[2026 VLDB] A Unified Query Planning Framework for Conjunctive Regular Path Queries

Yue Pang’s paper on conjunctive regular path query optimization, titled “A Unified Query Planning Framework for Conjunctive Regular Path Queries,” has been accepted by VLDB 2026.

Conjunctive regular path queries (CRPQs) form a critical backbone of modern graph query languages, integrating subgraph matching with regular path queries (RPQs). Despite their ubiquity in applications like social networks, finance, and scientific data analysis, CRPQ optimization lacks a unified framework, relying instead on heuristic combinations of disjoint techniques for subgraph matching and RPQs. This paper bridges this gap by introducing a novel algebraic optimization framework for CRPQs.
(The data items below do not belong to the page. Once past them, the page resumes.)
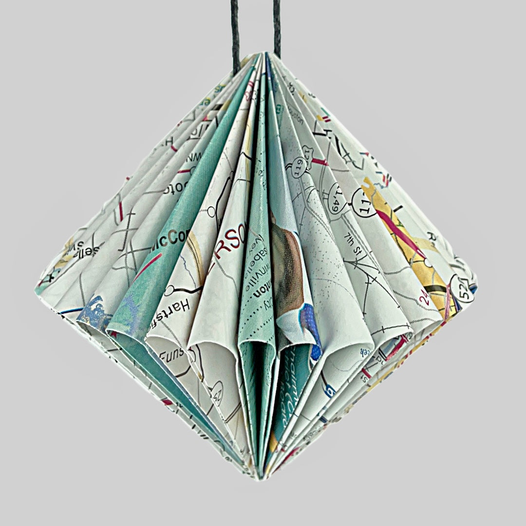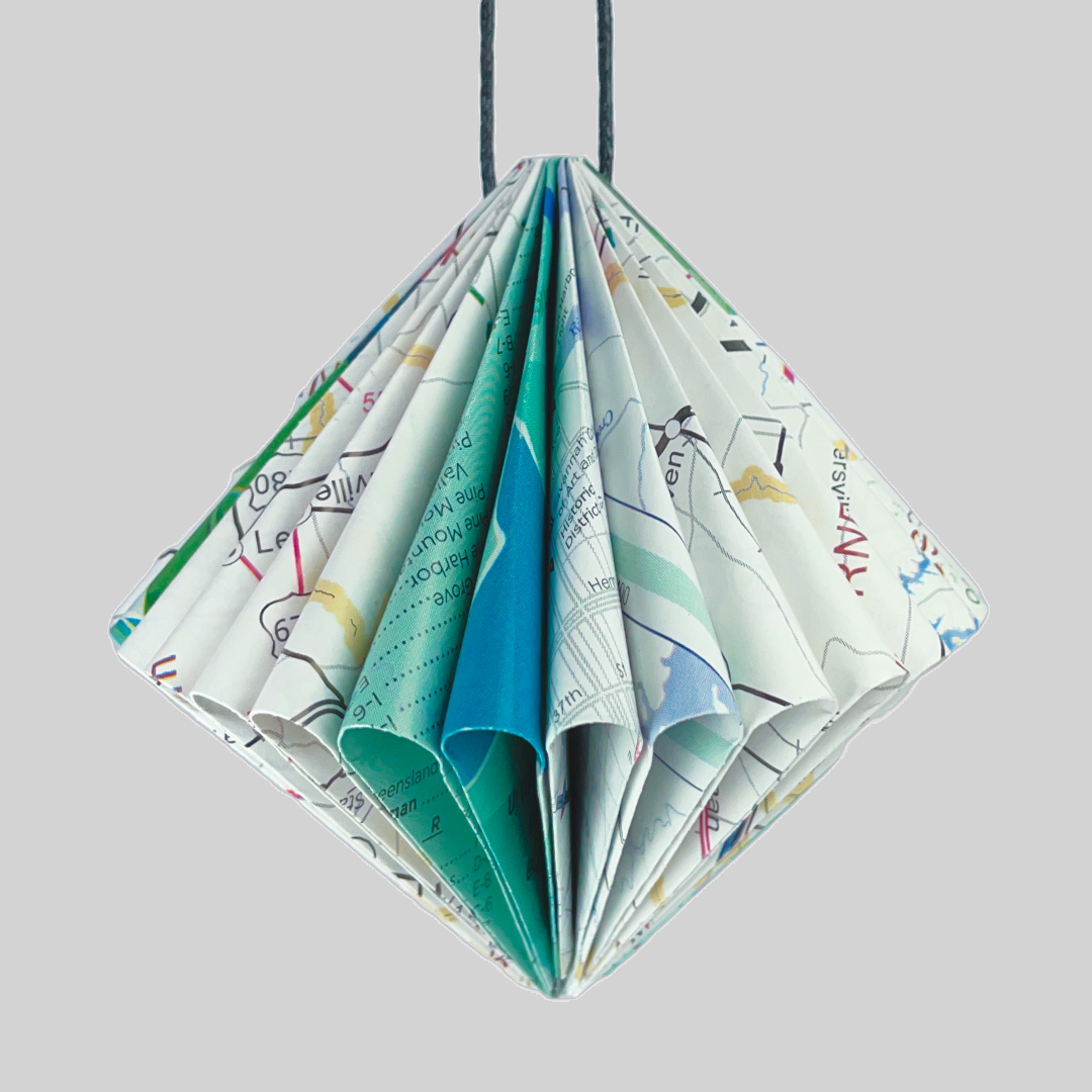 Each travel map is carefully cut into three sections. A single travel map will yield 3 ornaments with minimal waste.
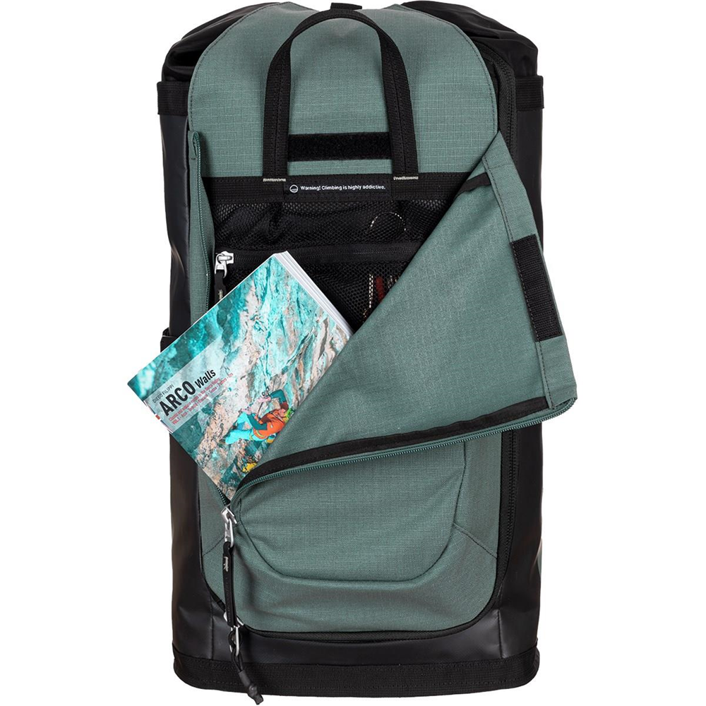 Zaprojektowany z myślą o trwałości, standardowej plandeki i wzmocnionego nylonu ripstop z zamkami YKK®. Nylonowe zamknięcie typu roll-top posiada dodatkową powłokę DWR (Durable Water Repellent) bez PFC, dzięki czemu plecak jest wodoodporny. Łatwość użytkowania i wszechstronność to jego atuty, na przykład szeroko otwierana klapa w kształcie lejka oraz górne zamknięcie klapy, które służy również jako mocowanie liny. Aby zapewnić bardziej stabilne noszenie, boczne paski kompresyjne działają również jako stabilizatory liny lub mogą być ukryte w konstrukcji, gdy nie są używane, aby uzyskać bardziej eleganckie wykończenie.
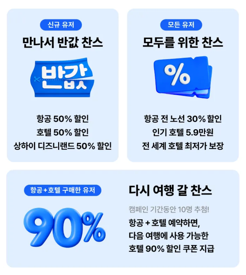 - 특가 예약 시 다음 여행에 쓸 수 있는 90% 할인쿠폰 제공
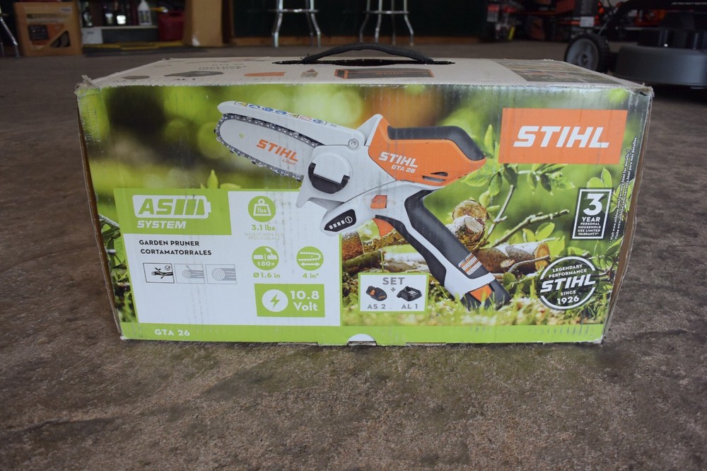 Features:CordlessBar Length:4 inUPC:886661634279Type:ChainsawProduct Line:STIHLCountry/Region of Manufacture:GermanyItem Weight:3.1Assembly Required:NoBrand:STIHLPower Source:BatteryModel:GTA-26gtin13:886661634279Vintage:NoMPN:GTA 26Cutting Length:4Manufacturer Warranty:3 years residentialBattery Included:YesBlade Length:4Accessories Included:Carry Bag, Guide Bar Cover, User Manual, BAR OIL, Charger, BatteryVoltage:10.8 V
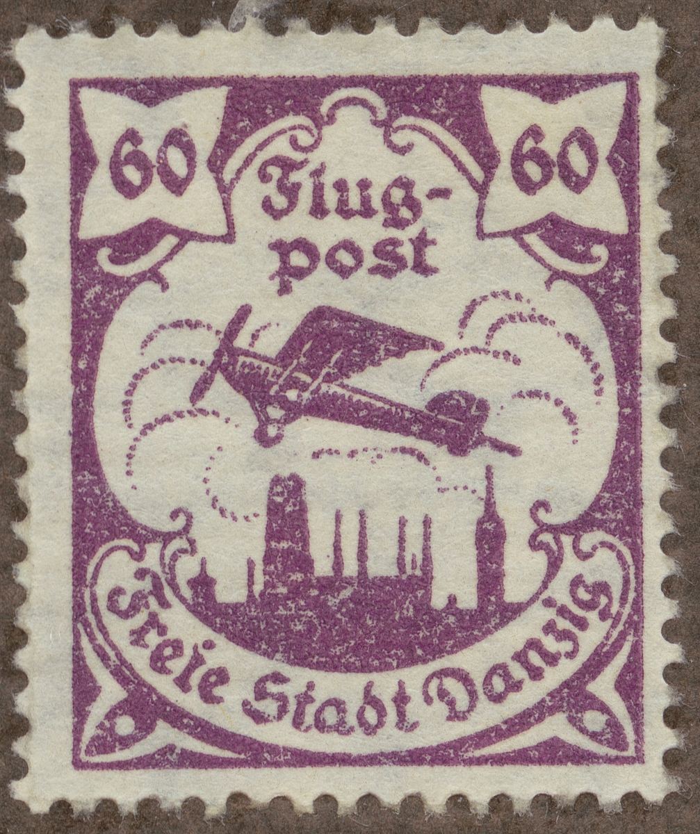 Frimärke från Danzig, 1921. Motiv av Monoplan över Danzig

We propose a hypergraph query model that enables composability, addressing a longstanding challenge in graph query languages including GQL and SQL/PGQ, and define six core operators (TI, KC, SJ, UNION, INV, and SCAN) to abstract CRPQ semantics. Leveraging algebraic transformation rules, we enumerate a rich space of equivalent query plans and devise a cost-based optimizer to select near-optimal plans for execution. Implemented based on MillenniumDB and Neo4j, our framework achieves significant speedups on CRPQs extracted from the WDBench and LDBC SNB benchmarks.